- **RECORDS SUPPLIED**:
○ ○ ○ ○

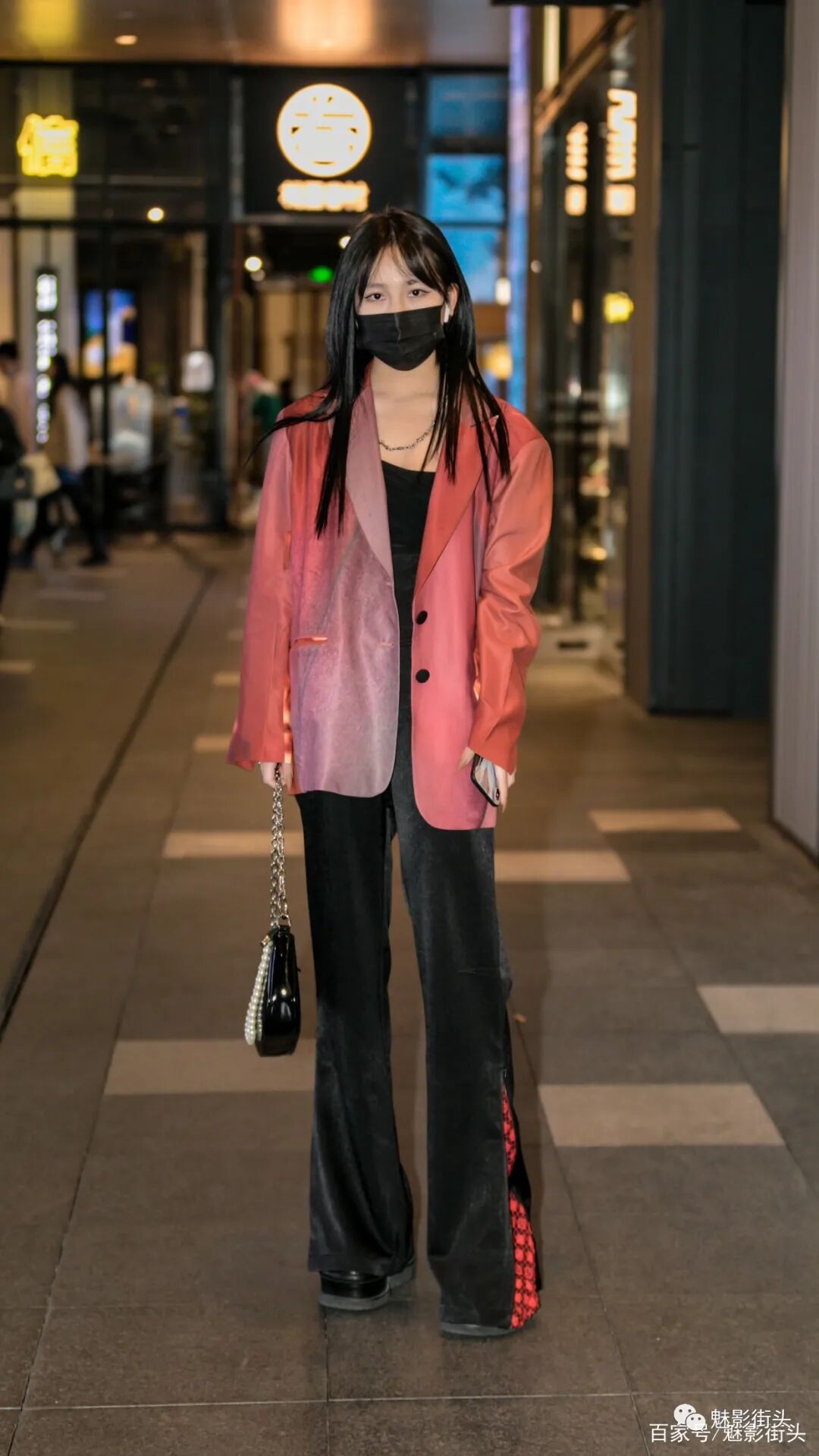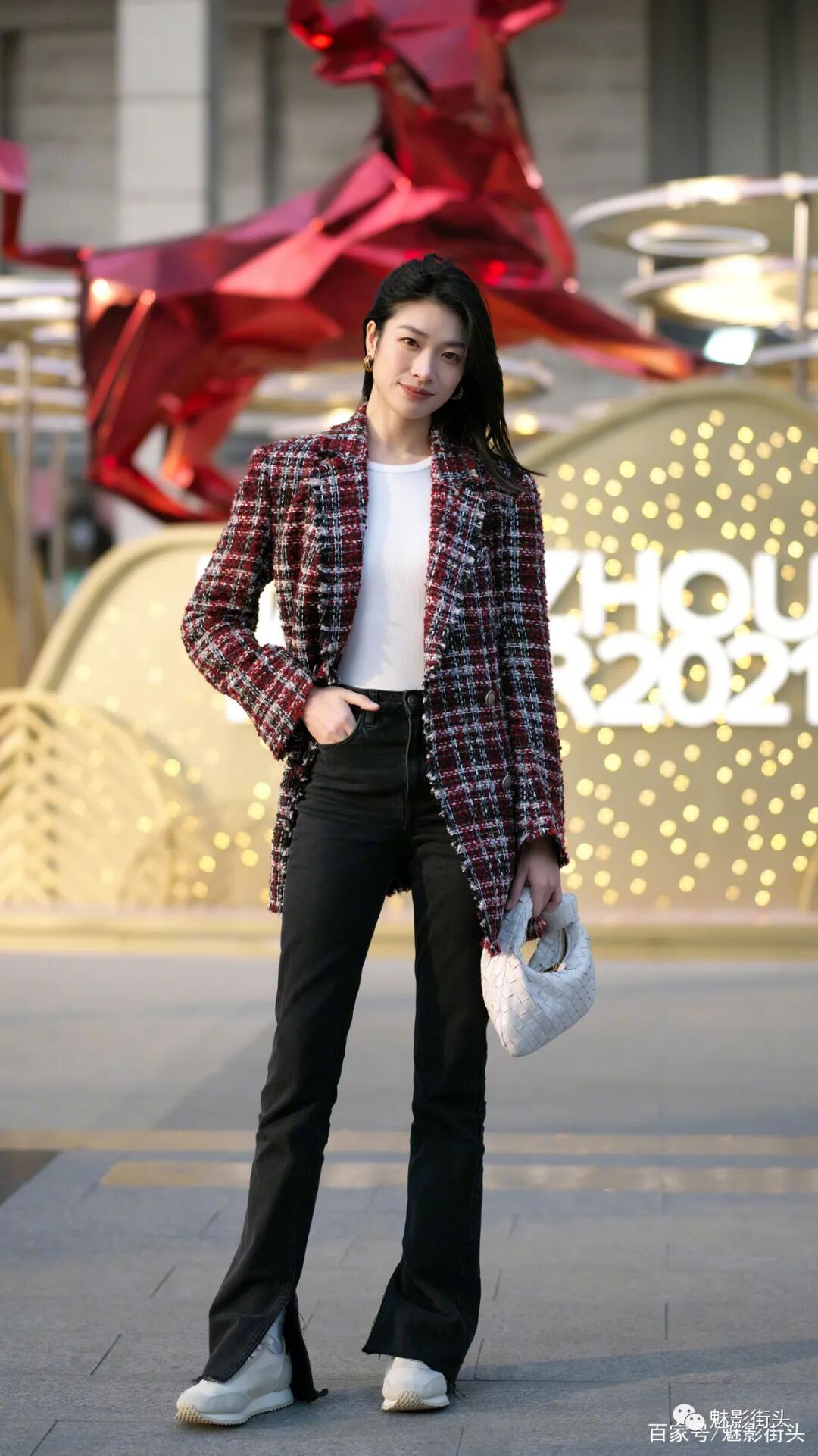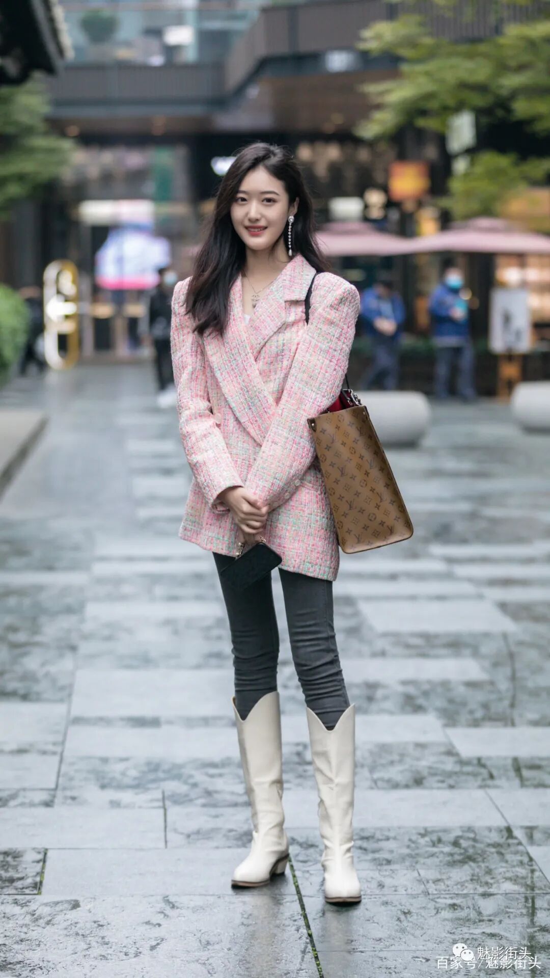 身高腿长的姑娘裤子就更好选择了,强烈建议选择紧身牛仔裤,可以让双腿线条显得更加流畅,颜色以黑色最好,也更容易搭配。再配上一双白色长靴,就能轻松获得双倍保暖的效果,白色与黑色形成极大的反差,可以提升紧身牛仔裤显腿长的视觉效果。西装可以考虑粉色粗花呢面料,与白色长靴上下辉映,减龄效果非常好。
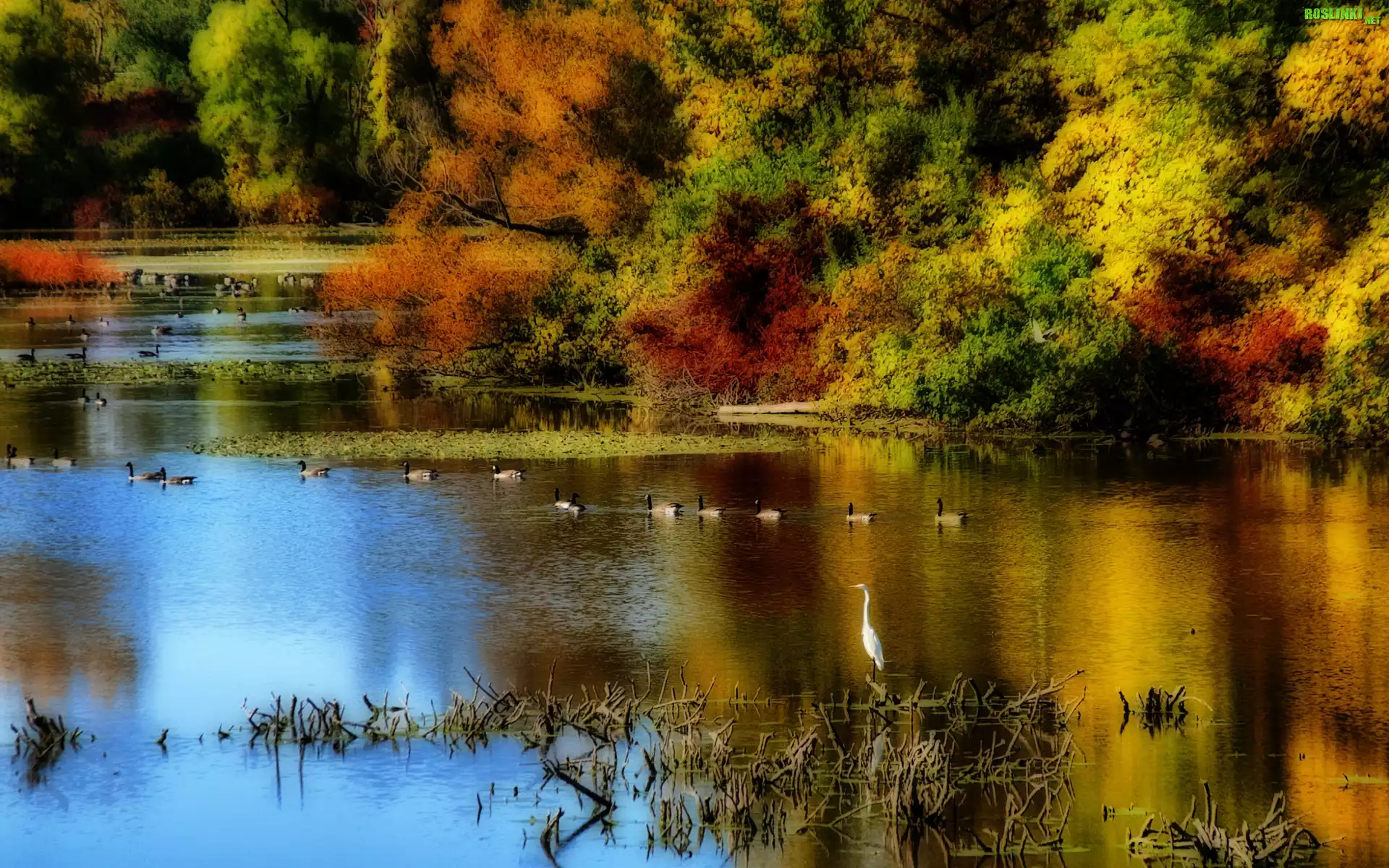 Rośliny: Jesień, Jezioro, Kaczki, Drzewa
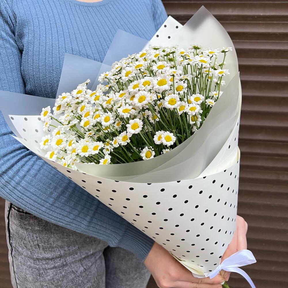 Лента атласная – 2 шт.Пленка матовая – 1 шт.Хризантема сантини ромашка – 7 шт.Дизайнерская упаковка – 1 шт.
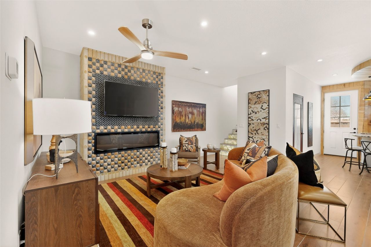 Old world craftsmanship blends seamlessly with modern luxury at the Estancia Collection, a unique compound located in the Baca Railyard District, minutes away from Santa Fe's top galleries and restaurants. This latest vision of renowned developer Mitch Menaker, is where every room becomes a work of living art. Curated by artisans from around the world, using hand cut semi-precious stone, tiles, iron, and rare wood finishes creates a truly immersive and peaceful experience, as if being hugged by nature. As you walk through the sanctuary, a warm greeting by a hand painted dancing Kachina panel inspiring abundance, health and balance meets you. Inside are hand carved teak doors, kitchen cabinets and ceiling treatments, along with petrified wood countertops. The stunning fireplace is crafted with hand cut sandstone in a bamboo pattern. The main level office/bedroom features antique stained glass doors opening to the ensuite bathroom's pink jasper stone sink and mirror sitting atop a beautiful hand carved teak vanity. A magical backlit white onyx staircase creates a dreamlike effect as you ascend to the bedroom suites above. The primary bedroom greets you through a charming speak easy door and a whimsical teak puzzle floor creates a sophisticated, yet playful tone. This light-filled sanctuary features a fireplace, wet bar and a one of a kind spa-like bathroom. The sinks, mirrors and bathtub are made of semi-precious tigers' eyes and the shower is made of back-lit onyx panels, creating a luxurious and luminous retreat. The second light-filled bedroom features a private balcony and bath with hand carved vanity and a mother of pearl stone sink and backsplash. The laundry room, located on the 2nd floor includes a dog shower covered with 'happy dog faces on each hand cut tile. Blending ancient techniques with the expert hands that brought them to life, the developer's vision has created the most unique visual and artistic sanctuary Santa Fe has seen in years.
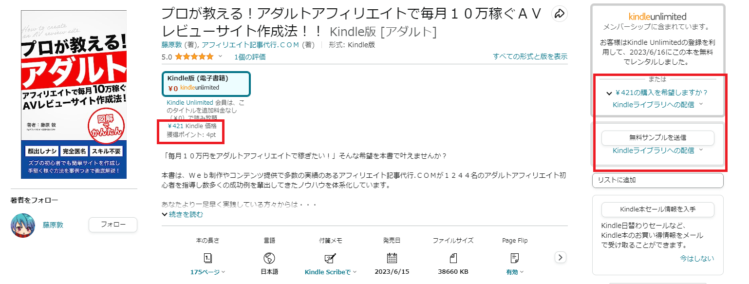 Kindle Unlimited(キンドル本の月額会員/初月お試し0円)のメンバーですと無料でお読みいただけます。通常のアマゾン会員の場合は「421円」でご購入をいただけます。
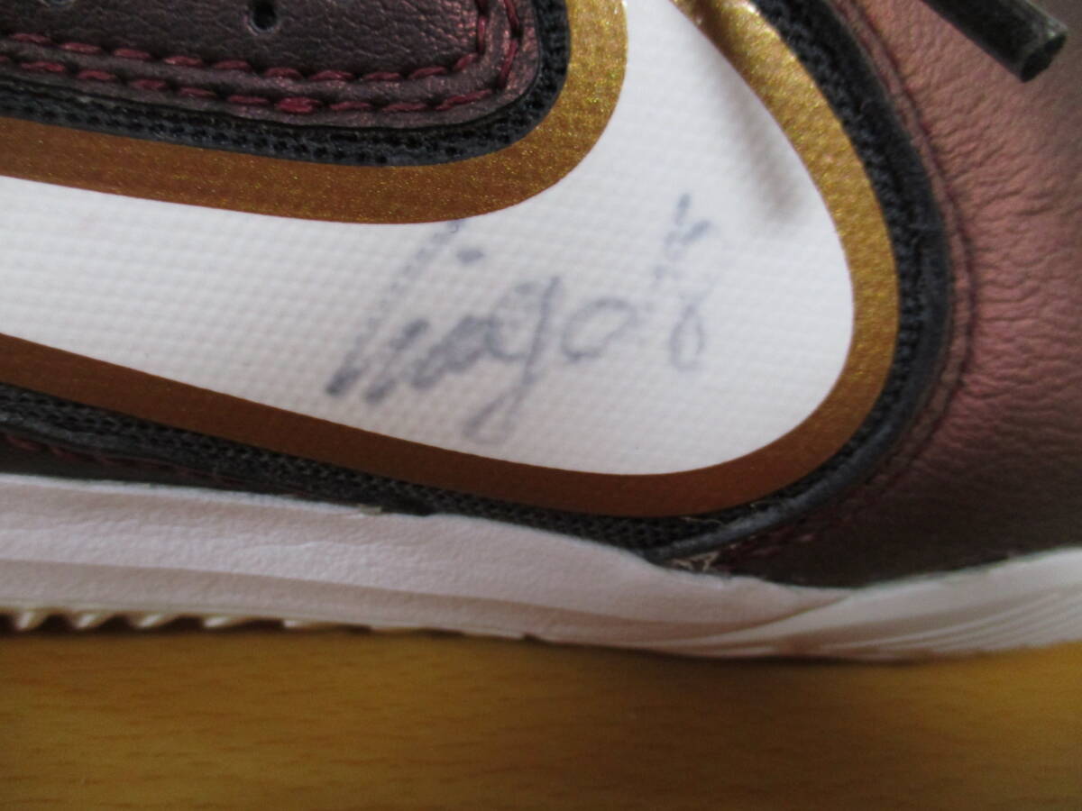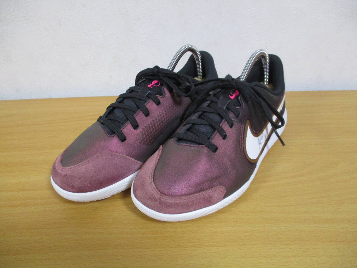 未使用近し!ナイキ★サッカー用<スエードトレーニング・シューズ>★22.5cm パープル・白・黒 サイン入り

○ ○ ○ ○

- **WHAT THIS TASK INVOLVES**: With the images excluded, reproduce the data above precisely as written.

- **EXERCISE ANSWER**:
 身高腿长的姑娘裤子就更好选择了,强烈建议选择紧身牛仔裤,可以让双腿线条显得更加流畅,颜色以黑色最好,也更容易搭配。再配上一双白色长靴,就能轻松获得双倍保暖的效果,白色与黑色形成极大的反差,可以提升紧身牛仔裤显腿长的视觉效果。西装可以考虑粉色粗花呢面料,与白色长靴上下辉映,减龄效果非常好。
 Rośliny: Jesień, Jezioro, Kaczki, Drzewa
 Лента атласная – 2 шт.Пленка матовая – 1 шт.Хризантема сантини ромашка – 7 шт.Дизайнерская упаковка – 1 шт.
 Old world craftsmanship blends seamlessly with modern luxury at the Estancia Collection, a unique compound located in the Baca Railyard District, minutes away from Santa Fe's top galleries and restaurants. This latest vision of renowned developer Mitch Menaker, is where every room becomes a work of living art. Curated by artisans from around the world, using hand cut semi-precious stone, tiles, iron, and rare wood finishes creates a truly immersive and peaceful experience, as if being hugged by nature. As you walk through the sanctuary, a warm greeting by a hand painted dancing Kachina panel inspiring abundance, health and balance meets you. Inside are hand carved teak doors, kitchen cabinets and ceiling treatments, along with petrified wood countertops. The stunning fireplace is crafted with hand cut sandstone in a bamboo pattern. The main level office/bedroom features antique stained glass doors opening to the ensuite bathroom's pink jasper stone sink and mirror sitting atop a beautiful hand carved teak vanity. A magical backlit white onyx staircase creates a dreamlike effect as you ascend to the bedroom suites above. The primary bedroom greets you through a charming speak easy door and a whimsical teak puzzle floor creates a sophisticated, yet playful tone. This light-filled sanctuary features a fireplace, wet bar and a one of a kind spa-like bathroom. The sinks, mirrors and bathtub are made of semi-precious tigers' eyes and the shower is made of back-lit onyx panels, creating a luxurious and luminous retreat. The second light-filled bedroom features a private balcony and bath with hand carved vanity and a mother of pearl stone sink and backsplash. The laundry room, located on the 2nd floor includes a dog shower covered with 'happy dog faces on each hand cut tile. Blending ancient techniques with the expert hands that brought them to life, the developer's vision has created the most unique visual and artistic sanctuary Santa Fe has seen in years.
 Kindle Unlimited(キンドル本の月額会員/初月お試し0円)のメンバーですと無料でお読みいただけます。通常のアマゾン会員の場合は「421円」でご購入をいただけます。
 未使用近し!ナイキ★サッカー用<スエードトレーニング・シューズ>★22.5cm パープル・白・黒 サイン入り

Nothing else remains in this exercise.